But Monella made no comment, and went away.

“It’s been just the same with me,” said Leonard, in a low voice, that had an expression almost of awe in it. “Monella woke me about half an hour ago and I felt much like what you have described.”

“It’s very odd,” Templemore returned thoughtfully. “It must be the drink he gave us. Do you remember what Harry Lorien said of him? That he believed Monella was a magician? I begin to think him a wizard myself. But, dear boy, how much better you look!”

“So do you, Jack; and he tells me Ulama is the same – and it’s all his doing, you know. He is a wizard; and that’s all there is to be said about it.”

“The question is,” Jack went on, “what was it he gave us? Here it has made us sleep nearly forty-eight hours; and it seems, has done us, in that time, as much good as one would have thought would have taken a week or two to accomplish, and yet it has left no dull, drowsy, listless feeling, such as opiates generally do. I can’t make it out.” And, shaking his head gravely, Templemore went to take his morning plunge.

When they sought Monella, he bade Leonard give him the particulars of all that had occurred to him. Leonard recounted them.

“It seemed very terrible to me,” he said when he had finished, “at the time; and truly I thought I should never get over it. Yet – now – it seems such a long while ago – so far off.”

“That is well, my son,” returned Monella. “For it has been a sore trial. I have heard about you,” he continued, turning to Templemore, “from the lady Zonella and from Ergalon.”

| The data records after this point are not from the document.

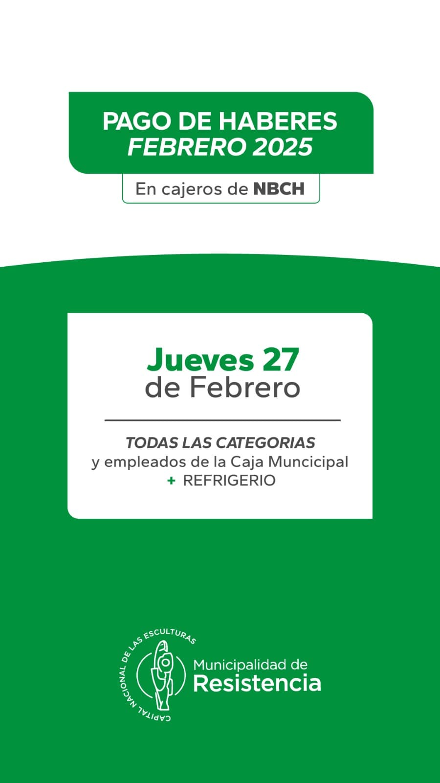 La Municipalidad de Resistencia pagará los sueldos de febrero, el próximo 27 del corriente mes. Está destinado al personal de todas las categorías y de la Caja Municipal. También se abonará el refrigerio de $100 mil.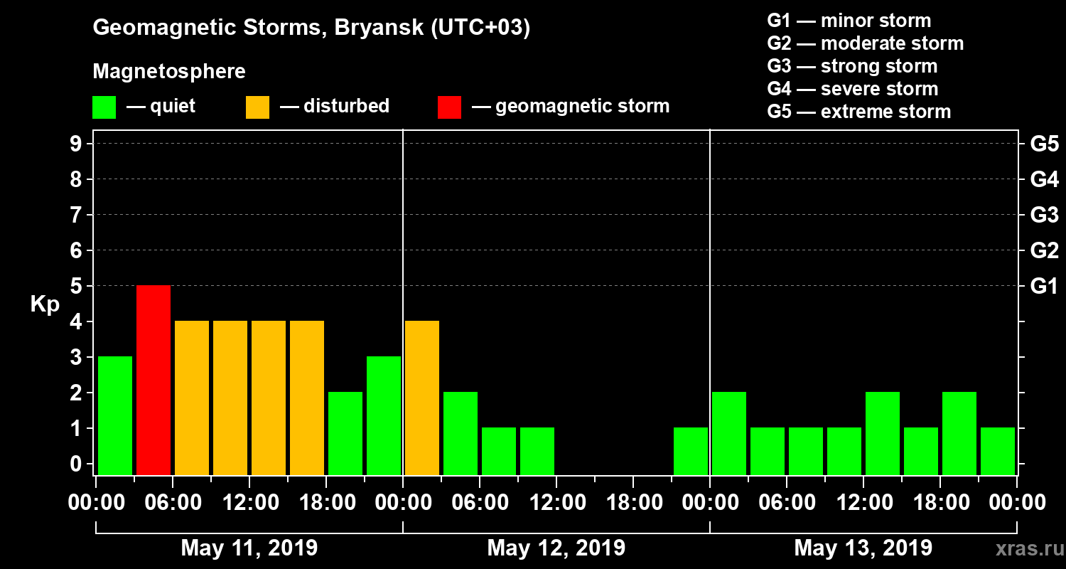 Geomagnetic storms in Bryansk on May 13, 2019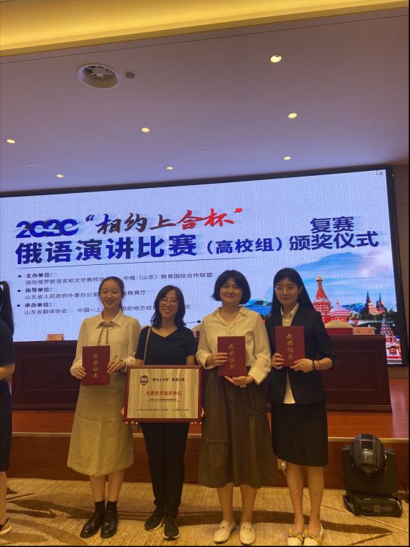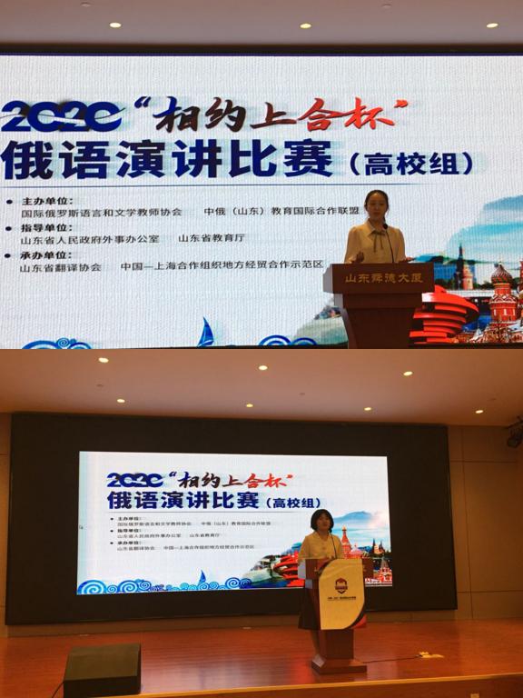 2020年9月25日,由山东省人民政府外事办公室和山东省教育厅指导,国际俄罗斯语言和文学教师协会和中俄(山东)教育国际合作联盟共同主办,山东省翻译协会和中国-上海合作组织地方经贸合作示范区共同组织承办的“相约上合杯”俄语大赛在山东济南举行。来自山东省内31所高校的84名俄语学子齐聚济南,共享这一省内参加高校最多、参加人数最多的俄语盛事。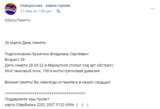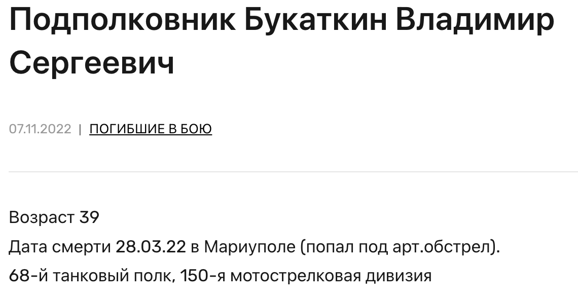Died to artillery in Mariupol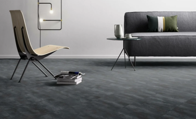 Имитировать бетон и камень может кварцвиниловая клеевая и замковая плитка, керамогранит, ламинат.

“I owe a great debt to her – to him – to both,” Templemore replied. “Without their aid I fear things would have gone badly with Leonard, and myself too.”

“Yes, Coryon had ably laid his treacherous schemes, and we all have reason to be thankful for their failure,” said Monella solemnly. “Things came to a crisis just then. I had just matured certain plans that Sanaima and I had laid out; and only the day before my long-lost memory returned to me, and I remembered, all in a flash, as it were, the whole of my former life.”

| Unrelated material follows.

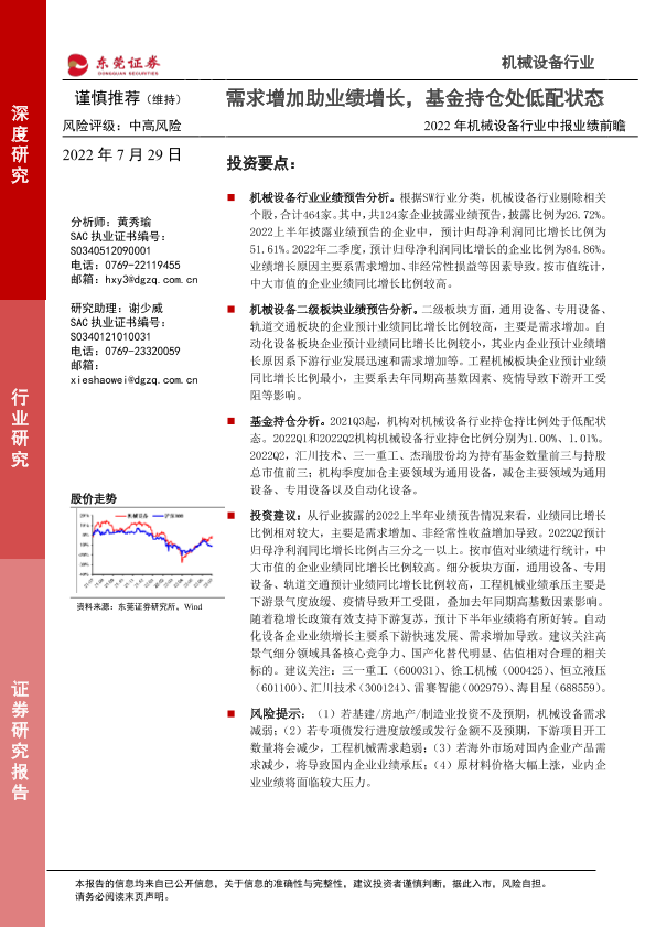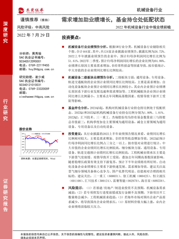 【东莞证券】【20220729】2022年机械设备行业中报业绩前瞻:需求增加助业绩增长,基金持仓处低配状态-17页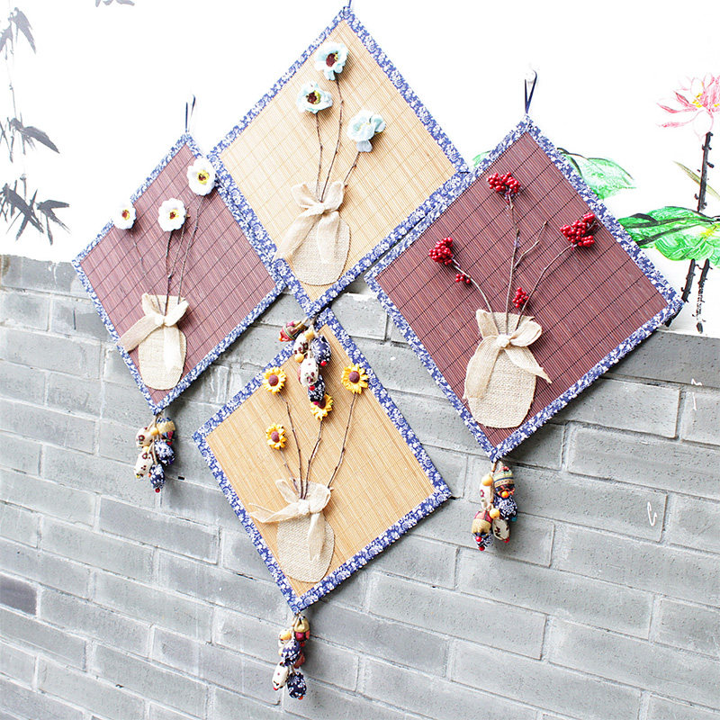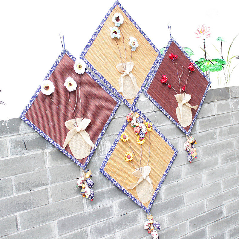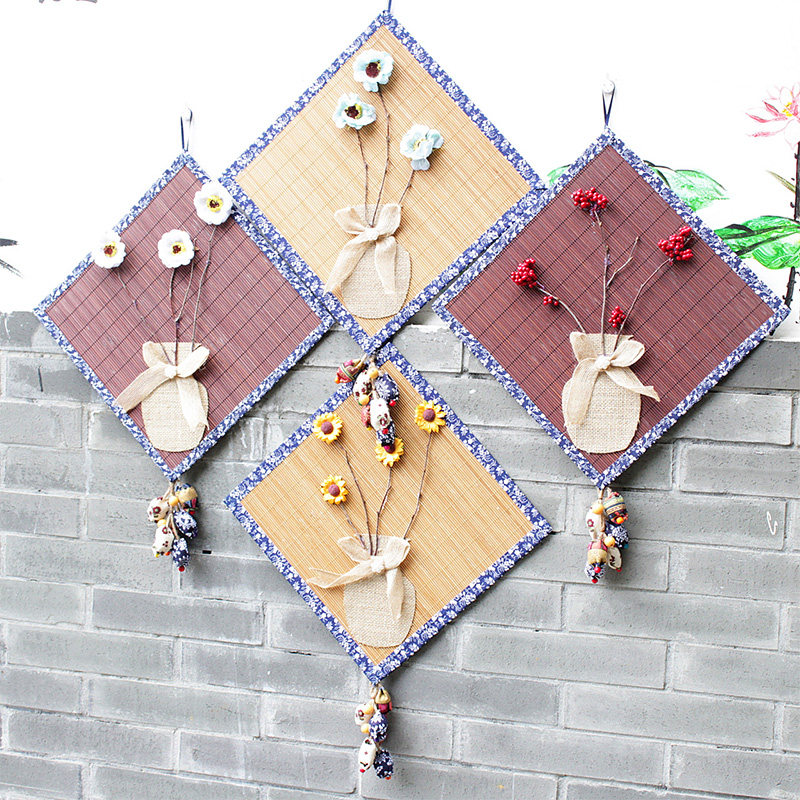 Kindergarten Chinese wind ring to create qinghua porcelain wrapped bamboo curtain hanging linen bow vase creative aerial pendant

“That you were – that is – are – ” Templemore began; but stopped and looked confused.

“Yes, that I am indeed Mellenda,” was the reply, given with an air of grave conviction. “I know the statement sounds incredible to you; you are of that nature, have been brought up in that kind of school, that makes such a thing sound impossible. But if I myself feel and know that it is true, and if my people around me know it and not only admit it but rejoice in it, then, for me, that is sufficient.”

“Certainly,” Templemore assented, feeling very uncomfortable under the other’s gaze.

“Still – to you – let me be, while you remain here, simply what I have been before – your friend Monella. I am the same being to-day that you have known and, I hope, liked – that you have joined with in facing danger and adventure – I am the same! The mere fact that I remember things now that I had forgotten before makes no difference to me or to our friendship.”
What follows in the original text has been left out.